Dr. Isabell Aznarez discussed the disease areas that Stoke Therapeutics is focusing on, using ASOs to restore protein levels. She highlighted the challenge of selecting the right target, noting that if the correct target is identified, the drug is likely to be successful. She emphasized the importance of tissue delivery and discussed the dual aspects of ASOs, which can benefit patients but also have potential side effects. She cited SPINRAZA® (nusinersen), a drug that treats SMA in children and adults, as an example. In summary, Dr. Aznarez mentioned that Stoke is continually expanding and seeking new technologies rather than limiting itself to current ones.

Dr. Paul Nioi shared Alnylam’s siRNA programs and CNS delivery technology. He observed that Alnylam’s pipeline is diversifying and excitingly announced that multiple new therapeutic areas and pipelines will be launched by 2025. The company aims to administer the first dose to patients suffering from Huntington’s disease by 2025.

Mr. Jay Stella discussed the two platforms that Strand Therapeutics has developed and the next generation of programmable mRNA technology. He provided examples of recent developments in the field of RNA therapeutics. Jay believes that two of the most critical factors for a successful drug are the ability to manufacture the drug at very high purity and generating compelling clinical data.

Dr. Simon Xi from Rgenta Therapeutics shared his professional experiences and observations. He mentioned that RNA is easy to target with small molecules and can be used in many neuroscience disease areas like Alzheimer’s and Huntington’s diseases. However, the challenge lies in targeting RNA due to its dynamic nature and the complexity added by thousands of available proteins. Rgenta Therapeutics is focusing on correcting gene splicing to help treat diseases like Alzheimer’s.

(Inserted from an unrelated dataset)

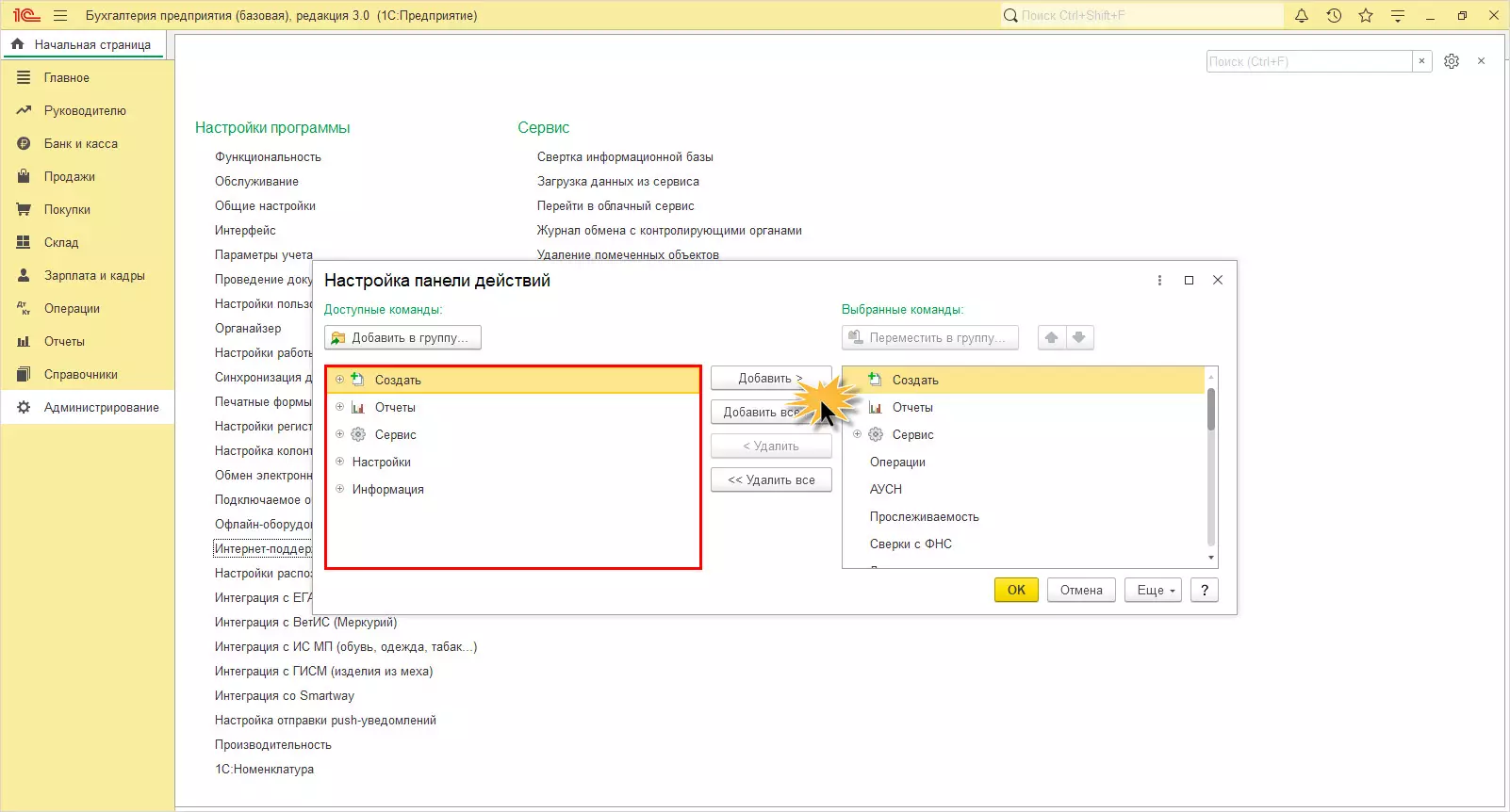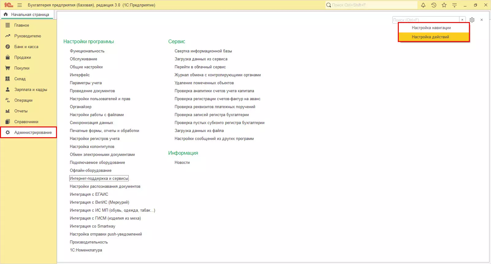 При отсутствии пункта Интернет-поддержка и сервисы в разделе Администрирование, загляните в настройку, нажав «шестеренку» справа (верхний угол окна) и далее Настройка действий.

Dr. Kasper Roet from QurAlis shared how he co-founded the company with the goal of helping patients suffering from life-shortening diseases. QurAlis currently has three programs targeting ALS. He mentioned that for a startup like QurAlis to survive, sustain, and expand, it needs to focus on two pillars: financials and R&D. Dr. Roet is confident about QurAlis’ programs and  outcomes as they understand the muscle loss in ALS patients and aim to treat it effectively.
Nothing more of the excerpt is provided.